The joy of reading books you don't understand

Value of Not Fully Understanding

  • Many participants enjoy books that initially exceed their grasp (philosophy, dense SF, hard literary fiction, math, technical texts, scripture).
  • Partial comprehension can still be emotionally powerful and plant “conceptual hooks” that pay off years later.
  • Some describe a distinctive pleasure in immersion, even when plot, references, or arguments are only half-grasped.

Strategies: How People Read Hard Stuff

  • Common pattern: first read for immersion with no notes or prerequisites, then later passes with background material or annotations.
  • Others strongly prefer slow reading, backtracking, and filling in missing prerequisites, sometimes over years.
  • Note-taking is debated:
    • Some avoid it on first pass, especially for fiction, to preserve flow.
    • Others rely on extensive notes, sticky tabs, or phone notes for dense non‑fiction and philosophy.
    • For textbooks, many argue that doing exercises is more important than rereading explanations.

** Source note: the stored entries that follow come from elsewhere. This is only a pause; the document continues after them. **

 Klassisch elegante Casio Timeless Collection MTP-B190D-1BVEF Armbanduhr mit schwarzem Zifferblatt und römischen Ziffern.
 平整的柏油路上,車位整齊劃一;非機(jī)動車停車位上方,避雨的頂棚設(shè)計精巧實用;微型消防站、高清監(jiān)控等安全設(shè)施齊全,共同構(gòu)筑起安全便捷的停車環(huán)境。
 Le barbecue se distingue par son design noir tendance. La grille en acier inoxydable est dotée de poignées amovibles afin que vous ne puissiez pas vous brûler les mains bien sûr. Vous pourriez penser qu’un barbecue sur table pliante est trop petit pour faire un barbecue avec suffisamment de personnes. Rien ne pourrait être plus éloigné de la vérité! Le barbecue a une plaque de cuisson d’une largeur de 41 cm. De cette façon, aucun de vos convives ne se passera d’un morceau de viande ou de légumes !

When Difficulty Helps vs. When It’s Nonsense

  • Several see confusion as productive: tolerating not knowing, then letting patterns emerge over time.
  • Others caution that not every “difficult” work is deep; some older or theorist-heavy texts are viewed as overrated, obscurantist, or “balderdash.”
  • There’s tension between treating all canonized works as profound versus recognizing that some may simply be mediocre but historically privileged.

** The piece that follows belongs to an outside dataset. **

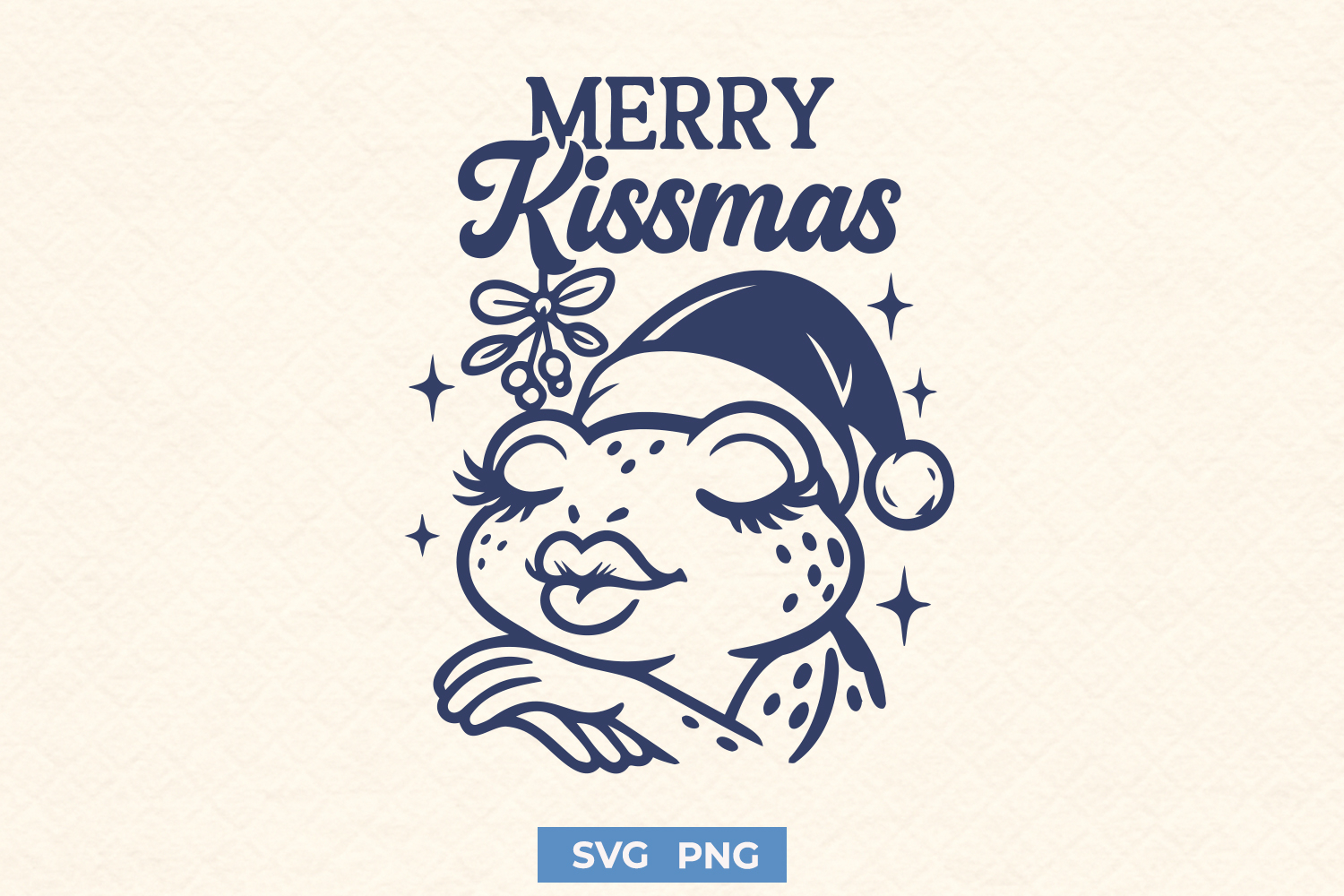 Merry Kissmas SVG PNG | Cute Funny Frog Christmas Cut File example image 1

Psychology, Identity, and Motivation

  • Some suggest the need to understand everything may be tied to self-esteem, though others link it more to self-efficacy and curiosity.
  • Readers vary between seeking “books that bite and sting” and preferring comfort, clarity, or entertainment; both modes are defended.
  • Several admit to feeling like “posers” when they enjoyed but didn’t deeply retain difficult works, yet others stress it’s fine to enjoy without mastery.

Culture, Education, and Media Habits

  • A theme: modern expectations that authors must make everything easy, versus older or “Eastern” attitudes where the burden is on the reader.
  • University teaching is described by some as more about filtering than instruction, making hard, opaque courses perversely valuable for deep learning.
  • People notice a broader trend of seeking “the correct take” from comments or summaries, rather than wrestling personally with challenging books, films, or games.